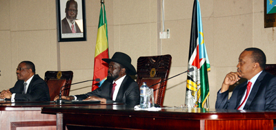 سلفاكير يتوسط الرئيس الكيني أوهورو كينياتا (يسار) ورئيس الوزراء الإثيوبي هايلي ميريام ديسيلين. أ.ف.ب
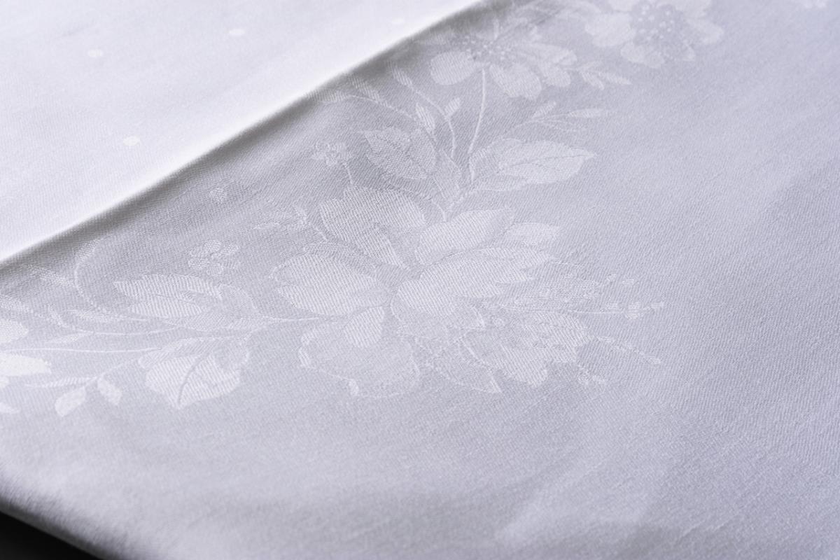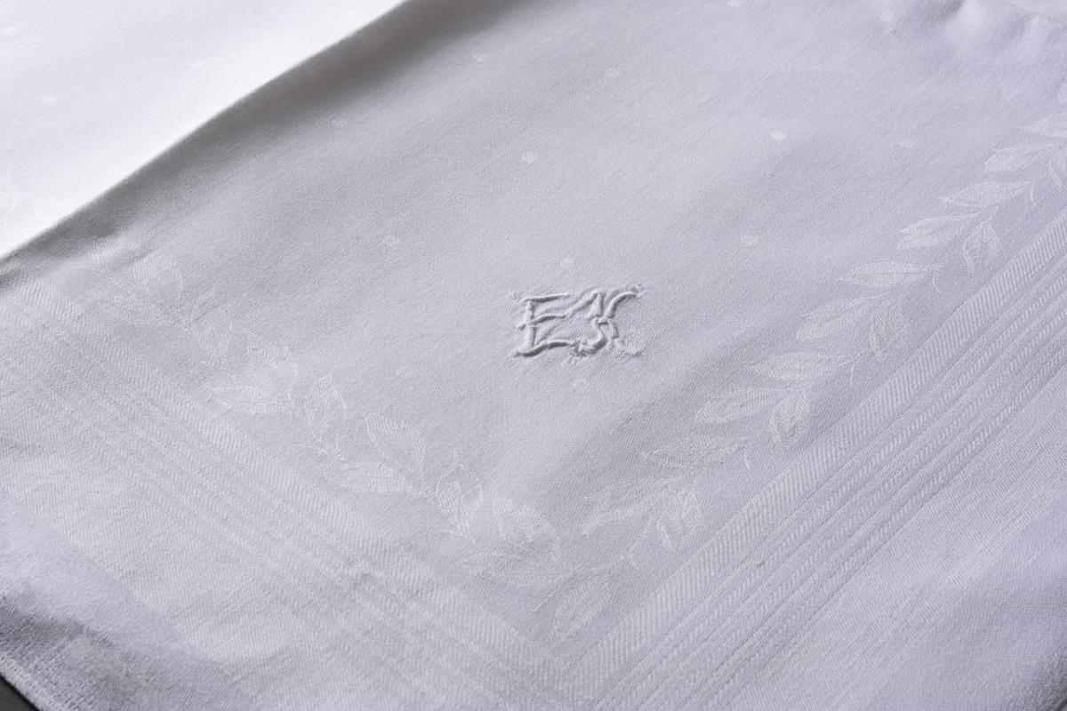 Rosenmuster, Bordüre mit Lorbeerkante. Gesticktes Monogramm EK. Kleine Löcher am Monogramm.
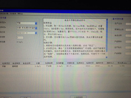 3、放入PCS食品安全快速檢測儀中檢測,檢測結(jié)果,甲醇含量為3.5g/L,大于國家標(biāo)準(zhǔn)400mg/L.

▬▬▬▬▬▬

Your instructions: Your answer must be the exact lines from the start of the data through the line with "Rosenmuster, Bordüre mit", inclusive, and nothing else; pictures do not belong in it.

Solution:
 سلفاكير يتوسط الرئيس الكيني أوهورو كينياتا (يسار) ورئيس الوزراء الإثيوبي هايلي ميريام ديسيلين. أ.ف.ب
 Rosenmuster, Bordüre mit Lorbeerkante. Gesticktes Monogramm EK. Kleine Löcher am Monogramm.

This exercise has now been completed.